I was torn the other day in my position as a small shareholder in British American Tobacco (BAT) and as the custodian of my elderly mother’s small fortune.
I was in a retail establishment, which must stay nameless, where I spied a rather crudely designed box of cigarettes selling for R10 for a box of twenties. That’s a big difference in price compared to my mother’s favourite puffs — which range from Kent to Pall Mall — that cost roughly four times that. This “price discovery” comes after, in a moment of morbid inquisitiveness, I did a rough calculation of what my mother’s long-held smoking habit had cost over five years. The number was alarmingly large and equal, I worked out, to about 165 BAT shares.
The R10 packs, and that’s presuming the cigarettes are even smokable, would save about 75% of the current puff purchase cost. But — aside from helping the illicit tobacco trade — I would be stubbing, in some small way, my BAT holding. That said, I did hear in BAT chairman Luc Jobin’s AGM speech last week a reference to the perennial question: “Why don’t you just stop selling cigarettes?”
Of course, BAT has already made the hard yards in moving beyond cigarettes — or as the group euphemistically calls them, “combustibles” — covering vaping (Vuse), tobacco heating (glo) and modern oral (Velo). The general feeling is that BAT is still lagging its main rival Philip Morris in pitching healthier alternatives to the much-maligned cigarette — though BAT has started showing good traction in terms of market shares and shifting towards profitability in these new categories.

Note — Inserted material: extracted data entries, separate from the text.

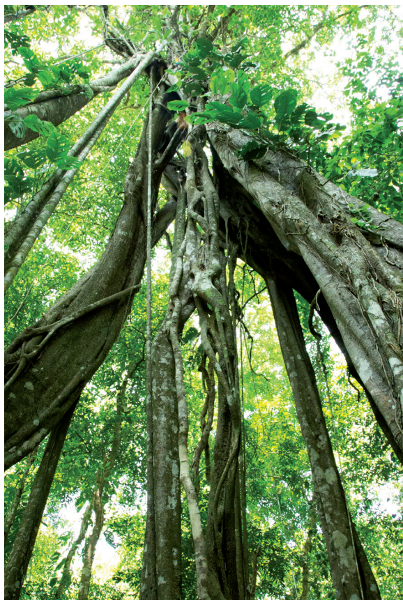
Al desarrollarse, los matapalos (amates) adquieren formas caprichosas. JME

limpieza, cocina y mantenimiento; promotores de información turística; recepcionistas; técnicos de equipos; mecánicos; vigilantes, entre otros.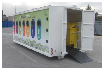
Fotos: Vista frontal y lateral del Ecoparque Móvil de Granada

Interiormente está compartimentado en distintos alojamientos para contenedores con capacidad individual 360 litros, destinados a recibir el depósito de las diferentes fracciones de RSU, de tal modo que son inequívocamente identificados por los usuarios el contenedor o contenedores a que ha de dirigirse para efectuar su depósito en función del tipo de residuo.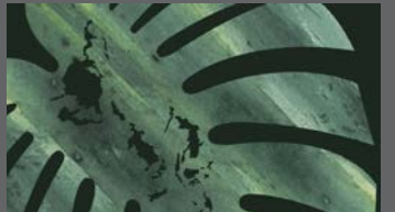
UNESCO México presenta la publicación “La Conservación del Bosque Tropical”, diálogo multidisciplinario sobre un tema de debate mundial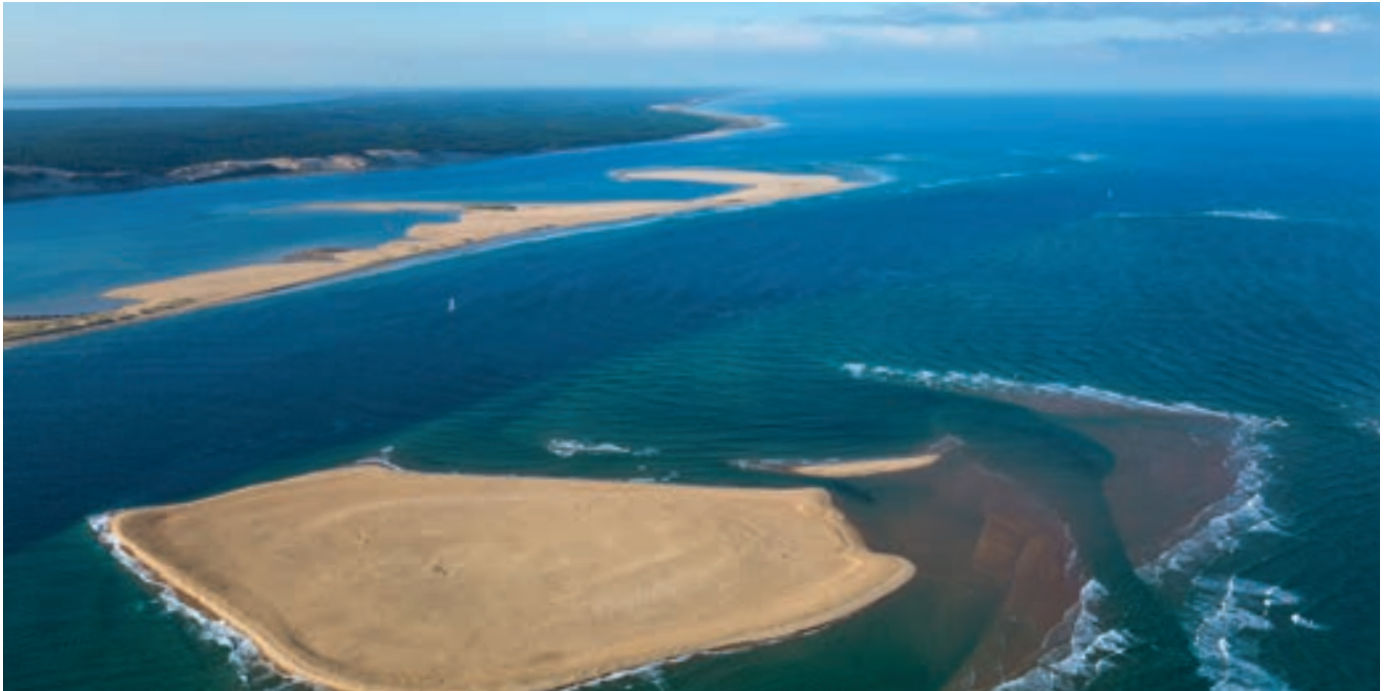
Passes du Bassin d'Arcachon (Gironde)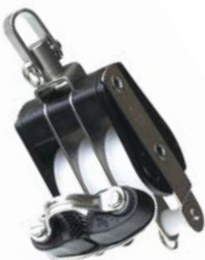
Dreifachblock mit Wirbel, Unterbügel und Klemme | triple with swivel, becket and cleat

When I bought my mother a Vape, she tried it once and flung it dismissively across the room. Others, though, seem to make the shift quite easily. BAT generated more than £2bn in new category revenues in the past financial year, and I have not seen any official missive contradicting the claim that the group is still on track to meet a 2025 target of £5bn in new category revenues. As things stand, noncombustible products now account for 12% of BAT’s total revenue — markedly up from just 4% only five years ago. More specifically, in certain key markets, such as Japan, the UK and Sweden, most of BAT’s revenue is generated from noncombustible products. The longer-term overall target remains 50-million new category brand consumers by 2030, which sounds quite reasonable, with BAT’s consumer base for noncombustible products already in excess of 18-million.

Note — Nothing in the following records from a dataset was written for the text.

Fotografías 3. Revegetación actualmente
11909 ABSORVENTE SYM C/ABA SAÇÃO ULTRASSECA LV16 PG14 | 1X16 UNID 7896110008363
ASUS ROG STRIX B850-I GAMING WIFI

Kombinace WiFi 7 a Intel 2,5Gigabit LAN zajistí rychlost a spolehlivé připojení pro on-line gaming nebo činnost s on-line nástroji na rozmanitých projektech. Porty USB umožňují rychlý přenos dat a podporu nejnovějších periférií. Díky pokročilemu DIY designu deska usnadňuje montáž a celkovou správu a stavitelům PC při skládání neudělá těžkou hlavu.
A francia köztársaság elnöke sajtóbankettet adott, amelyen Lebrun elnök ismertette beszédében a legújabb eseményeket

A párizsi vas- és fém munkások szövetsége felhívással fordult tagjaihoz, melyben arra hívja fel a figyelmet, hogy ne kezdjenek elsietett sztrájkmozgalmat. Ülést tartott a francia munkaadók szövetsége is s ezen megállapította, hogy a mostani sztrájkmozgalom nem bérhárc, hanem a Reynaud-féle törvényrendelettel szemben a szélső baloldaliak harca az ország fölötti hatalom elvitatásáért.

Make no mistake, BAT will still need to push hard, with competition sharpening and new innovations always likely
Make no mistake, BAT will still need to push hard with competition sharpening and new innovations always likely. One thing in BAT’s favour is that the balance sheet — a little stretched after the RJ Reynolds acquisition — is looking more robust. BAT has pencilled in cumulative free cashflow of about £40bn (pre-dividends) over the next five years. That should provide some comfort to shareholders who might be fretting about it growing its quarterly dividends, buying back its own shares and signalling a willingness to make bolt-on acquisitions. Of course, events in Russia and Ukraine have dampened forecasts slightly, with BAT expecting full-year constant currency revenue growth of 2%-4% and mid-single-figure constant currency earnings growth. That’s solid stuff, and perhaps a suitable antidote for those punters determined to mess around in the volatility of Naspers and Prosus.

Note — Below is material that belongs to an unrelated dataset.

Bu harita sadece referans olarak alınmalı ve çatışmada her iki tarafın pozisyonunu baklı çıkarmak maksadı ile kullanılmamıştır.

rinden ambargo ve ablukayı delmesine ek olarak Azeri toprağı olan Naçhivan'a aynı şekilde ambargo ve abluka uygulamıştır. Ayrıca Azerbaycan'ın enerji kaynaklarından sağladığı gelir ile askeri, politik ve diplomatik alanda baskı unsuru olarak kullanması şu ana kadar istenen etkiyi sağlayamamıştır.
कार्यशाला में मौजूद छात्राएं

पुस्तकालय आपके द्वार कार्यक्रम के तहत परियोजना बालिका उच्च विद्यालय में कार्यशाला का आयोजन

A little less reassuring, however, is a reverse listing deal being concocted at Mantengu Mining (previously Mine Restoration Investments). Mantengu is suspended on the JSE, but is looking to buy chrome ore miner Langpan for R550m in a related party paper deal that proposes issuing 137.5-billion new shares in settlement.
This is a huge deal for Mantengu, which had a market value of just R25m when it was suspended. According to the latest announcement Langpan has a mineral reserve of 2.17Mt of chrome (including platinum group metals) with a valuation of R851m. That, of course, needs to be taken out of the ground. More significant then might be the fact that the audited net asset value of Langpan for the year ended February 28 2021 was R37.4m, and that a loss of R4.4m was recorded over the same period. Mantengu’s figures show an NAV of just under R36m for the six months ended August 2021, and a loss of R6m.
Let’s see what the market thinks of the R550m price tag when Mantengu’s listing resumes.